**Items from a dataset:**
--- START ---

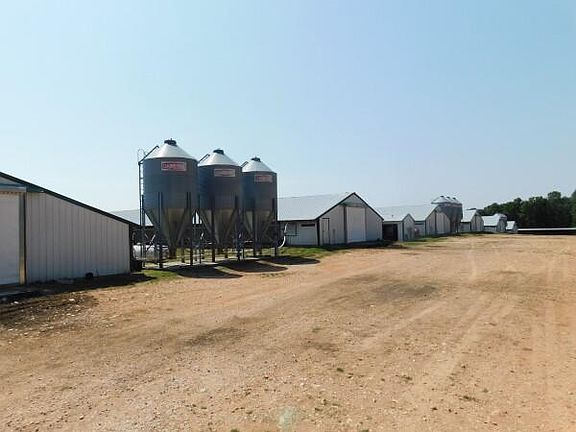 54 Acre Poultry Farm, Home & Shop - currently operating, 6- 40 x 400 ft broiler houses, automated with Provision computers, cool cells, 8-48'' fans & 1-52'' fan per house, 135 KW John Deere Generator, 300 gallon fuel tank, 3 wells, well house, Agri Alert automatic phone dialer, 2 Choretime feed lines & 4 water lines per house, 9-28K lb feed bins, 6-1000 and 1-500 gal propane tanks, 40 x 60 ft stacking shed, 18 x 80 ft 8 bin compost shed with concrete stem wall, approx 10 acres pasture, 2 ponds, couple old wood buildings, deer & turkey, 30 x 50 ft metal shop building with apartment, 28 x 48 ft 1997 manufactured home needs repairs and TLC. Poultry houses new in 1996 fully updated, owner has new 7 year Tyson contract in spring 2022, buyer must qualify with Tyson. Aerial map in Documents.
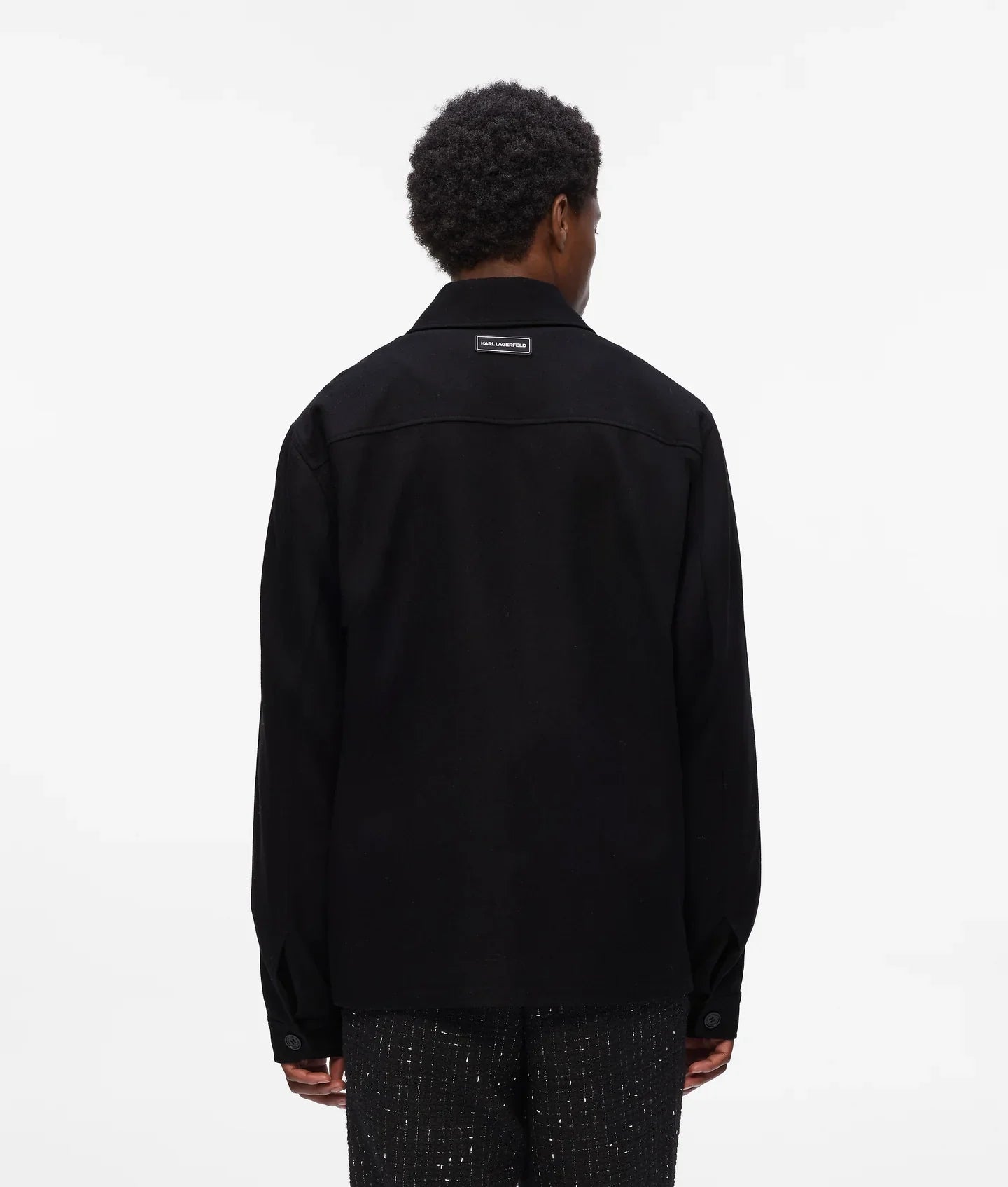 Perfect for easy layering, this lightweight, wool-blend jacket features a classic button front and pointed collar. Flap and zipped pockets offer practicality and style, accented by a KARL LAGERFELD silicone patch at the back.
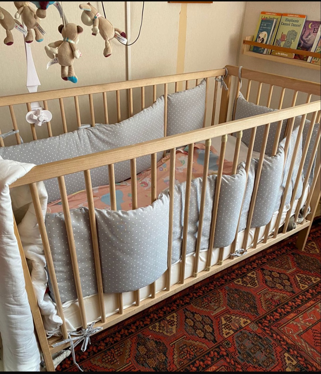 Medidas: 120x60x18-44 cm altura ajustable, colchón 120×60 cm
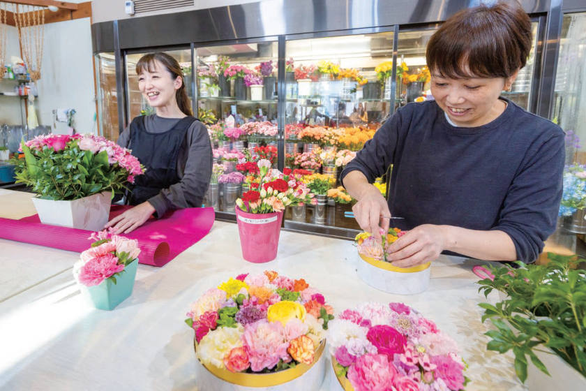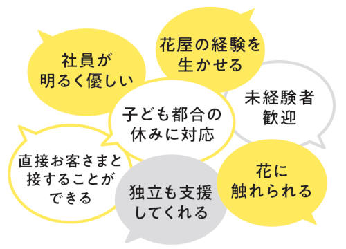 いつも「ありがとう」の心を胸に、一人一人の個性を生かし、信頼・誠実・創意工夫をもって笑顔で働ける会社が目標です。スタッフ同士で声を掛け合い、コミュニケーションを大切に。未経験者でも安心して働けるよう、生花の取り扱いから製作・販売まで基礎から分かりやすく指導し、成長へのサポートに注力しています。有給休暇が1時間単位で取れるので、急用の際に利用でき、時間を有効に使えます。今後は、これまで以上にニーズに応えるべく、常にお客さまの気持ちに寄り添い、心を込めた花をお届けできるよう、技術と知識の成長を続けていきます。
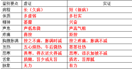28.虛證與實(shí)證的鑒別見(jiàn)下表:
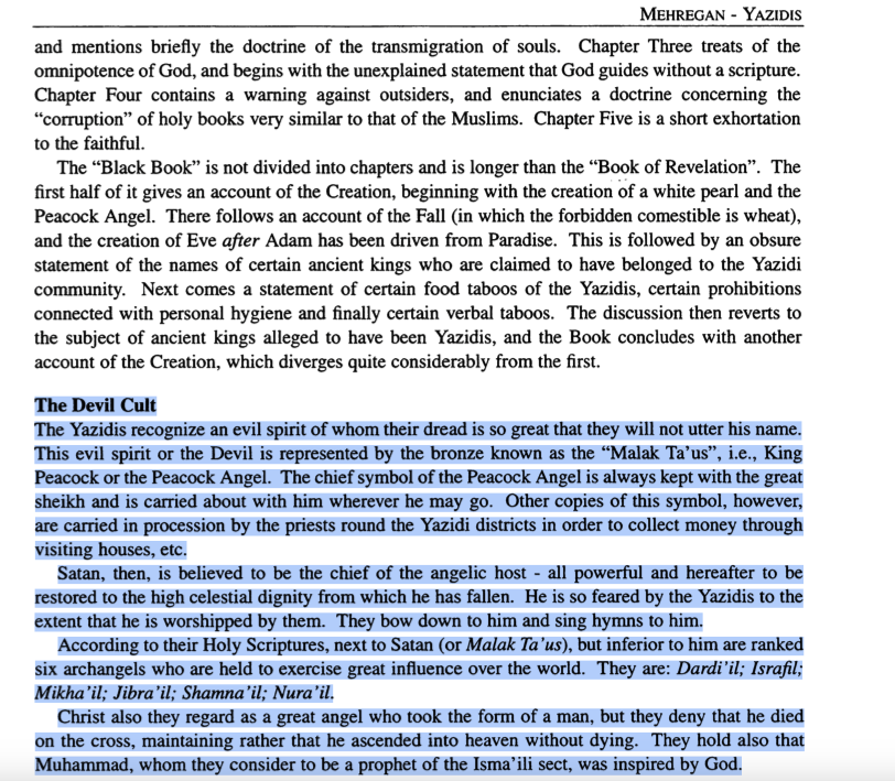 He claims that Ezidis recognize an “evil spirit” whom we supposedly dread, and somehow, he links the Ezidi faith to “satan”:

--- END ---
--- START ---

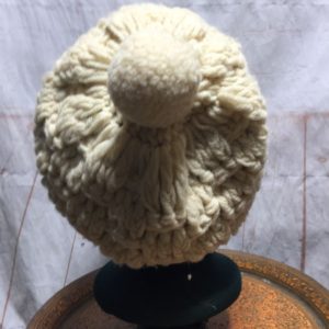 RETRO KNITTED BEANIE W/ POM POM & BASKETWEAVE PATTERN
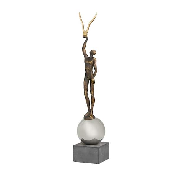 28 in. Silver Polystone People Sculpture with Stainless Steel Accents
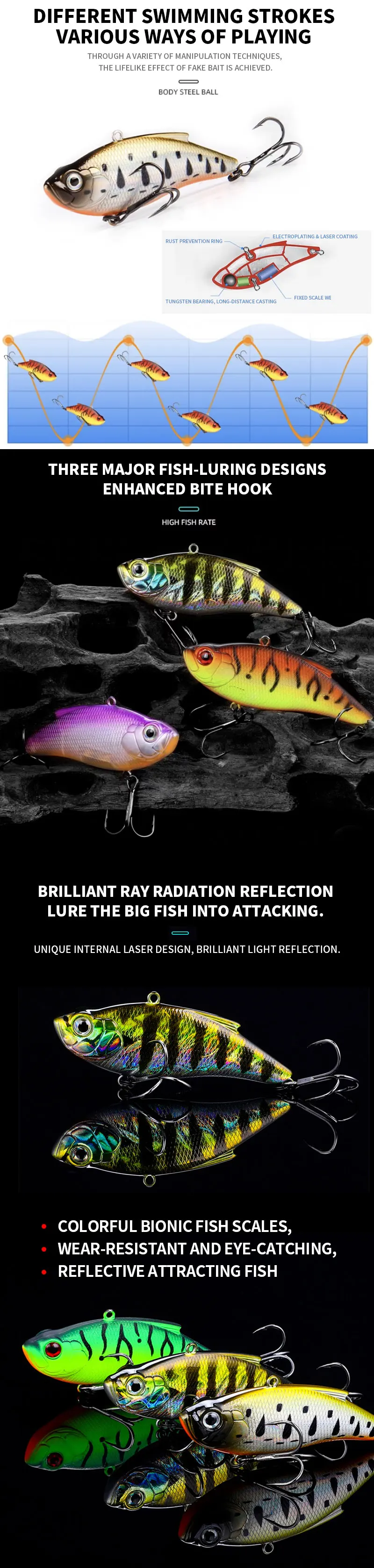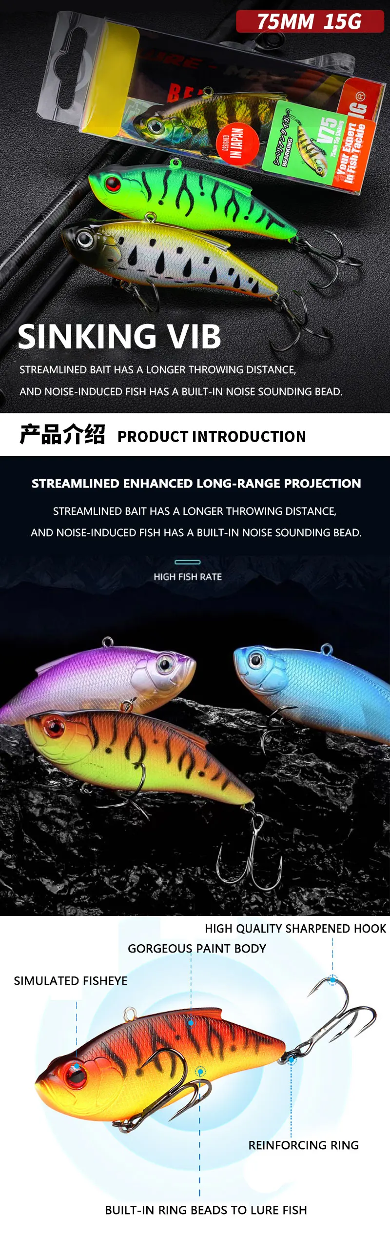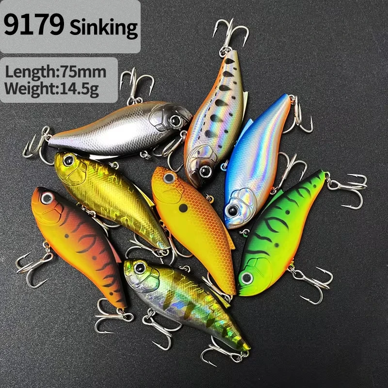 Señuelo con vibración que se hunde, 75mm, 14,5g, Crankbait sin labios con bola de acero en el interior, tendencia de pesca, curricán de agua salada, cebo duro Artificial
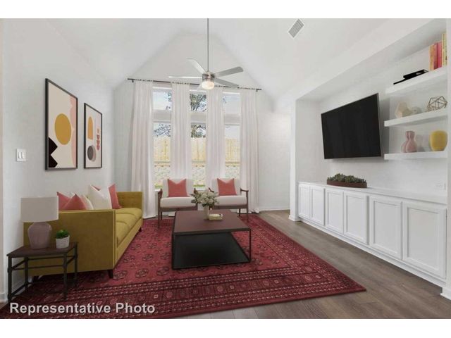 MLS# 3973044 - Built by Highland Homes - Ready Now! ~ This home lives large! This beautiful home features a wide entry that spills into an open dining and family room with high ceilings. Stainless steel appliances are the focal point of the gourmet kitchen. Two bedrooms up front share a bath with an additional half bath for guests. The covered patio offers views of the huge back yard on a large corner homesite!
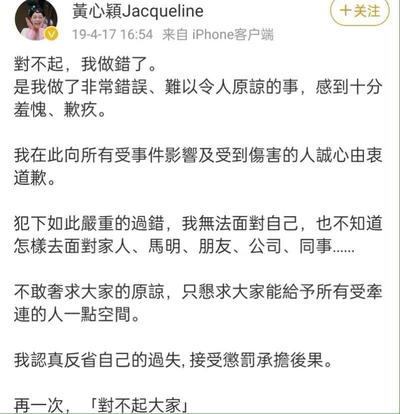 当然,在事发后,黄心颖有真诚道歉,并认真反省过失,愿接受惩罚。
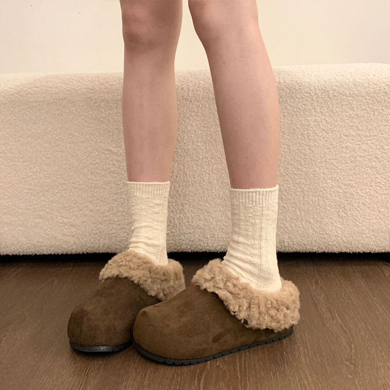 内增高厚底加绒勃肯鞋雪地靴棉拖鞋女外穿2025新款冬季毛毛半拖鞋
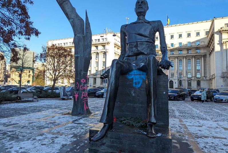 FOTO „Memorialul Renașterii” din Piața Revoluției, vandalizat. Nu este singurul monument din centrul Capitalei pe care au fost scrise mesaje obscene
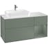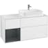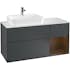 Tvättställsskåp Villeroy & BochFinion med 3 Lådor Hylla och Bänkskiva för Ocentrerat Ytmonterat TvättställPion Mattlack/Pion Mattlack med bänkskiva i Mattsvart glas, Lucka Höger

--- END ---

**Activity:**
What is needed is an exact copy of the lines above from the one with "内增高厚底加绒勃肯鞋雪地靴棉拖鞋女外穿2025新款冬季毛毛半拖鞋" to the one with "Tvättställsskåp Villeroy &", both ends kept, and nothing more; please leave the pictures out.

**Completed exercise:**
 内增高厚底加绒勃肯鞋雪地靴棉拖鞋女外穿2025新款冬季毛毛半拖鞋
 FOTO „Memorialul Renașterii” din Piața Revoluției, vandalizat. Nu este singurul monument din centrul Capitalei pe care au fost scrise mesaje obscene
 Tvättställsskåp Villeroy & BochFinion med 3 Lådor Hylla och Bänkskiva för Ocentrerat Ytmonterat TvättställPion Mattlack/Pion Mattlack med bänkskiva i Mattsvart glas, Lucka Höger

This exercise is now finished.